*** COLLECTED DATA ***

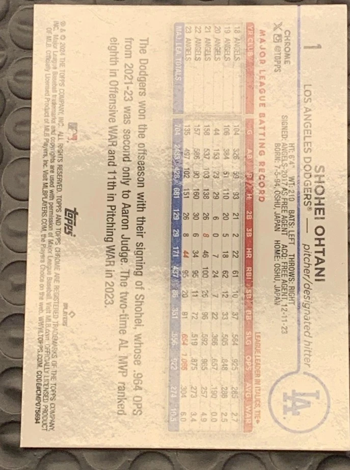 The product is a topps chrome baseball trading card featuring Shohei Ohtani from the Los Angeles Dodgers. This specific card is a 2024 Topps Chrome #1 Sepia Refractor, making it a valuable buy back for collectors. The card is part of the base set for the 2024 season and showcases Ohtani as a standout player in Major League Baseball.
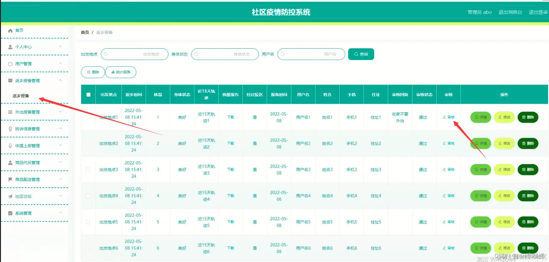 在返乡报备管理页面可以对出发地点、返乡时间、体温、身体状态、近15天轨迹、核酸报告、经过疫区、报备时间、用户姓名、姓名、用户手机、详细住址、审核回复、审核状态、审核等信息进行详情,修改或删除等操作
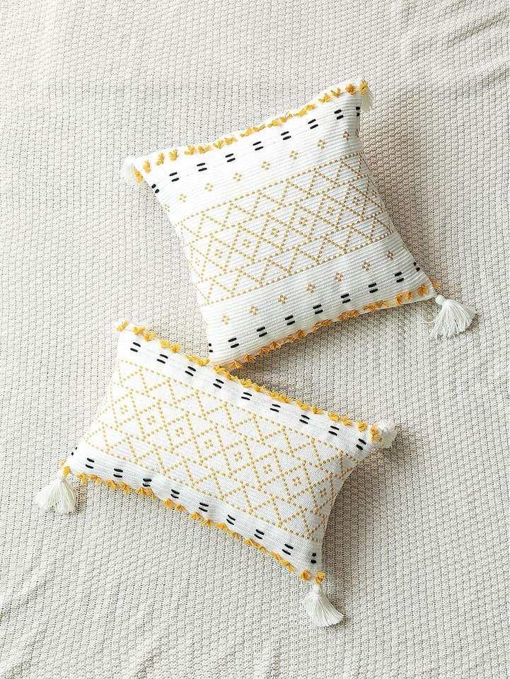 ปลอกหมอนผ้าฝ้ายมีพู่ประดับกลางแจ้งสไตล์โบฮีเมียนแบบงานแฟนซีงานสานมือตกแต่งหมอนโบโฮที่ไม่เหมือนใครโดย ithl

*** End of COLLECTED DATA ***

What this calls for is the material above set down exactly, pictures excluded.

ANSWER BELOW
 The product is a topps chrome baseball trading card featuring Shohei Ohtani from the Los Angeles Dodgers. This specific card is a 2024 Topps Chrome #1 Sepia Refractor, making it a valuable buy back for collectors. The card is part of the base set for the 2024 season and showcases Ohtani as a standout player in Major League Baseball.
 在返乡报备管理页面可以对出发地点、返乡时间、体温、身体状态、近15天轨迹、核酸报告、经过疫区、报备时间、用户姓名、姓名、用户手机、详细住址、审核回复、审核状态、审核等信息进行详情,修改或删除等操作
 ปลอกหมอนผ้าฝ้ายมีพู่ประดับกลางแจ้งสไตล์โบฮีเมียนแบบงานแฟนซีงานสานมือตกแต่งหมอนโบโฮที่ไม่เหมือนใครโดย ithl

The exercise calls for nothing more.